Penso che nel design vinca la curiosità. Faccio questo lavoro da venticinque anni e sono convinto che ogni cinque/sei anni avvengano nel mondo dei cambiamenti profondi a livello globale, non solo nelle vite di ognuno. Noi non ce ne rendiamo conto perché siamo nel flusso in cui il cambiamento si determina e tutto è talmente rapido da investirci, ma è fondamentale mantenere accesa la curiosità per capire cosa sta cambiando, cosa accade intorno a noi per individuare e indagare nuove esigenze del pubblico, soprattutto in riferimento alle nuove generazioni. In questo senso, la curiosità coincide con l’analisi della società, con l’osservazione delle abitudini altrui, delle novità che a seconda dei momenti storici investono lo stile di vita delle persone, influenzandone e mutandone esigenze e gusti. Credo che l’osservazione senza filtri pregiudiziali, legati ad esempio a ciò che avveniva in passato, non dovrebbe mai sfuggire a chi come me si occupa di locali pubblici. Perché chi entra in un locale ci va per mangiare, per bere, per divertirsi e stare bene, questa è l’unica cosa che non cambia nel flusso, a prescindere dai momenti storici e dai pubblici diversi, quel che cambia nel tempo è la modalità con cui possiamo fruire e soddisfare tutto ciò.

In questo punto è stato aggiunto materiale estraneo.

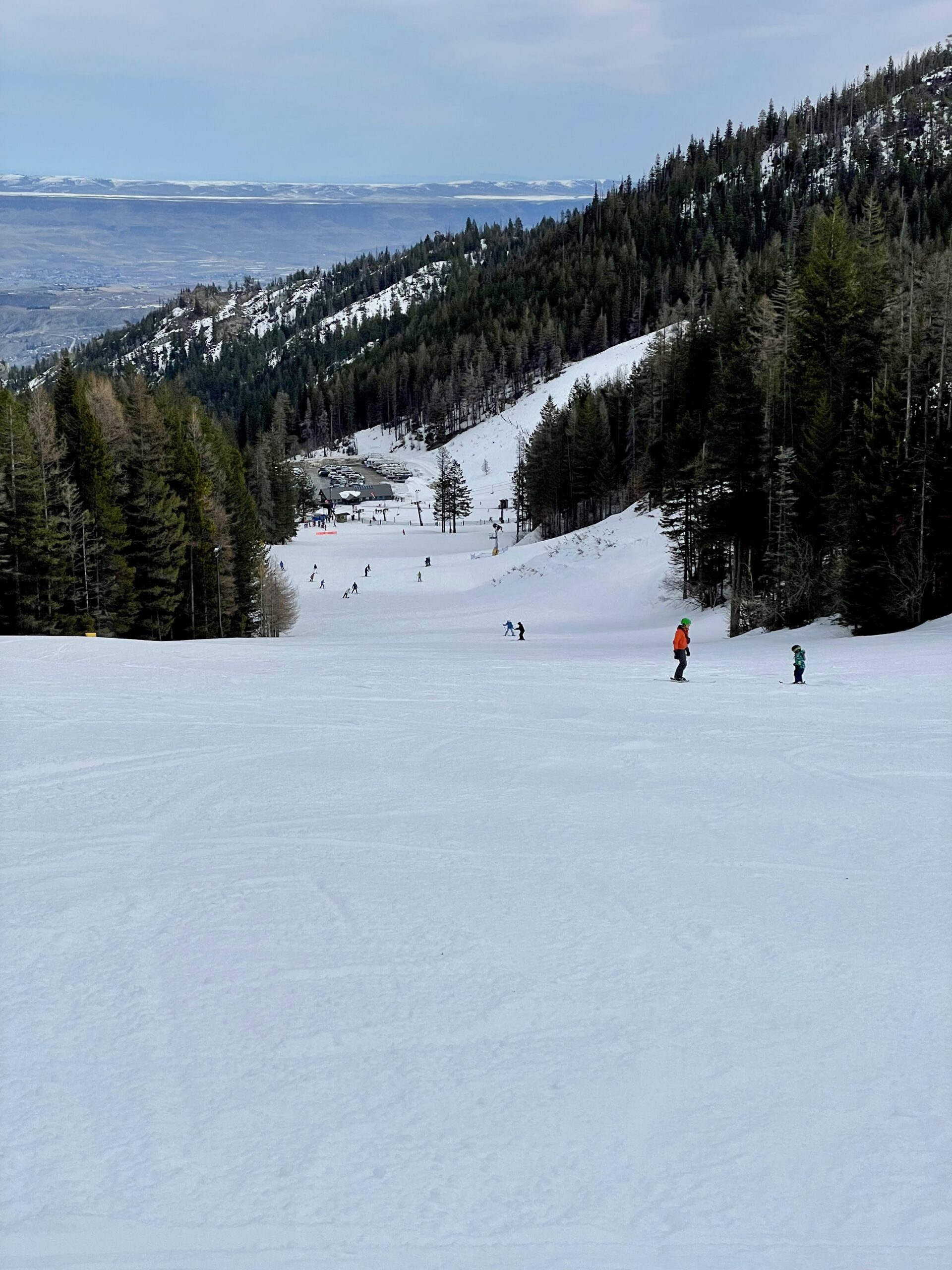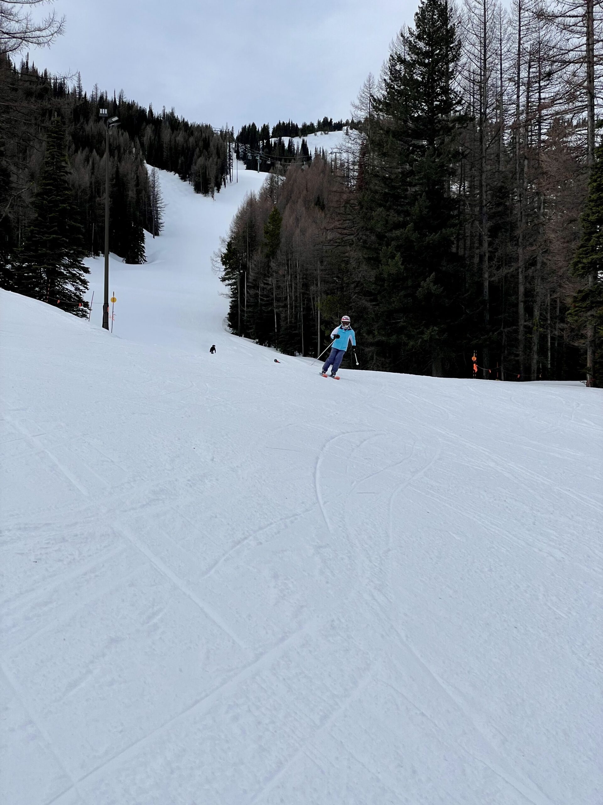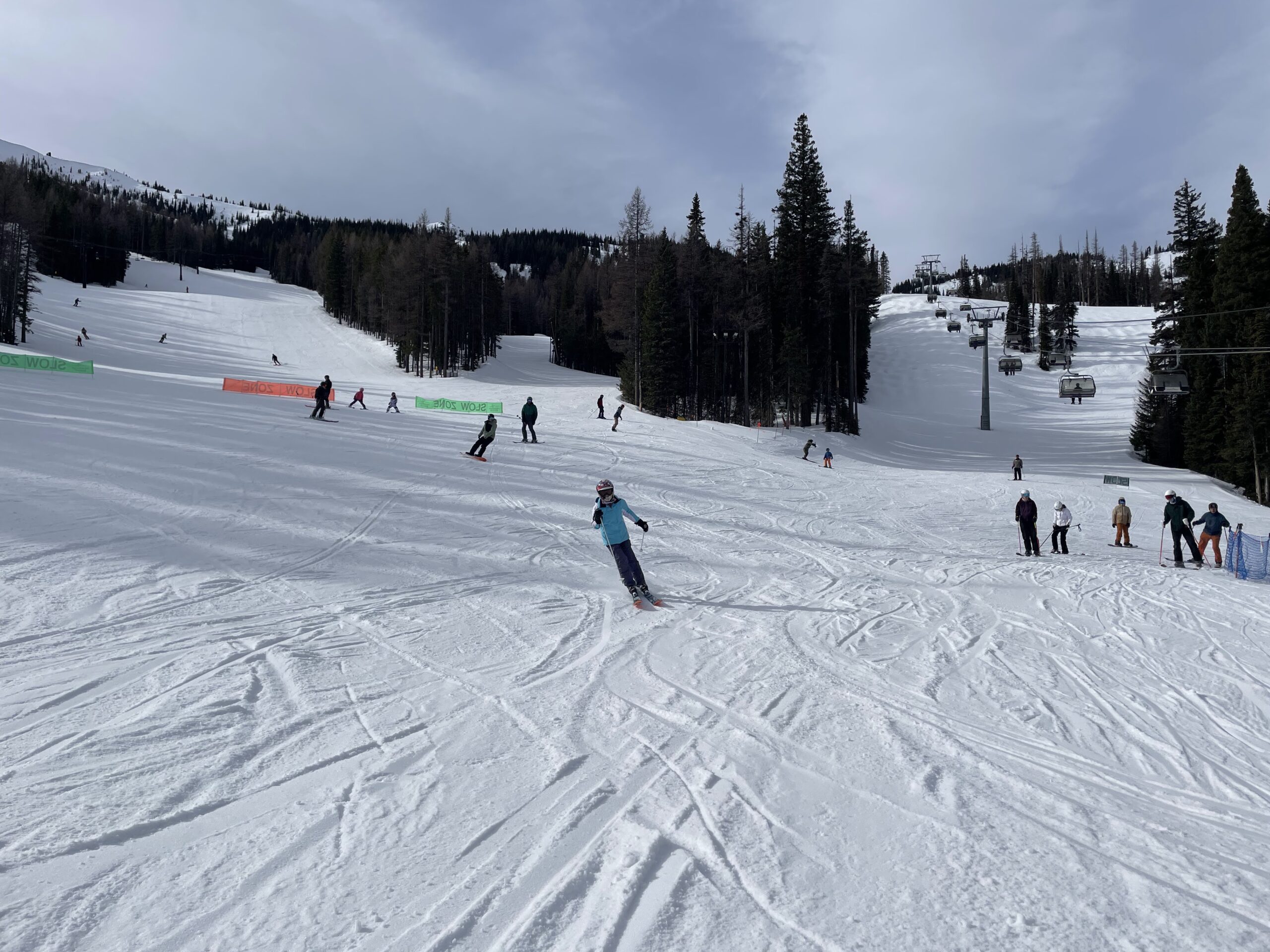 This lift pod provides some great long winding intermediate groomers and we did many laps there. Our favorite run on the mountain was North Bomber to Bomber Bowl. It’s a roller with lots of interesting twists and turns. There are also 13 distinct black and double-black runs off the top and in the middle of the bowl. Those are all pretty short though. We did take Johnson’s which is marked double-black and is pretty steep with big moguls.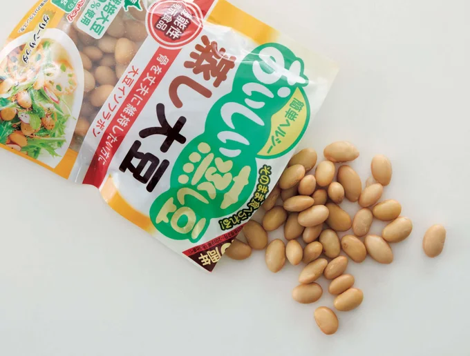 栄養満点の蒸し大豆。ドライパックでストックしやすいのもgood!

A proposito di cambiamenti, è appena terminata un’edizione della Milano Design Week e del Fuorisalone che ha puntato i riflettori sul tema “Laboratorio Futuro” e sulla svolta sostenibile. Come vive Andrea Langhi il design in chiave di sostenibilità?
Oggi esiste una parte di comunicazione legata alla sostenibilità che sottintende un concetto di rinuncia. Io andrei piuttosto verso un’altra direzione, avendo l’ambizione di non eliminare ciò che non è sostenibile dal nostro stile di vita, ma di renderlo sostenibile. In questo senso, trovo interessante lavorare a livello tecnologico a nuove formule che permettano di rendere compatibili con il rispetto dell’ambiente alcune delle abitudini legate al nostro stile di vita e alla nostra felicità. Dal mio punto di vista, infatti, il motivo che spinge le persone a frequentare i locali è il desiderio di vivere un’esperienza, per cui penso che quando si parla di sostenibilità, le sfere legate al piacere, alla felicità e alla gratificazione non dovrebbero essere oggetto di rinuncia, piuttosto dovremmo trovare il modo di poterne fruire diversamente. Un esempio su tutti è la carne 3D. Se riusciamo a riprodurre in chiave sostenibile le stesse sensazioni e lo stesso gusto che si hanno nel mangiare la carne animale, allora abbiamo creato un’alternativa che non obbliga a un sacrifico e non nuoce all’ambiente. Credo che solo offrendo strade in cui la rinuncia non è protagonista, le azioni di sensibilizzazione verso la sostenibilità avrebbero un reale risultato su tutti, portandoci a un cambiamento tangibile. Ad esempio, nel mio ambito reputo che la sostenibilità non sia solo scegliere materiali sostenibili o scartare oggetti e arredi a prescindere, se questi possono essere riciclati. Nei miei progetti il riuso è una pratica frequente e spesso utilizzo arredi che di sostenibile non hanno nulla, ma si tratta di oggetti che continuano a vivere in contesti nuovi e con funzioni spesso diverse rispetto a quelle per cui sono nati. Lo stesso avviene per la plastica, oggi demonizzata, io trovo invece che si tratti di un materiale eccezionale, che può essere riciclato mille volte e può subire mille forme. Il problema, quindi, non è il materiale in sé ma l’utilizzo che se ne fa.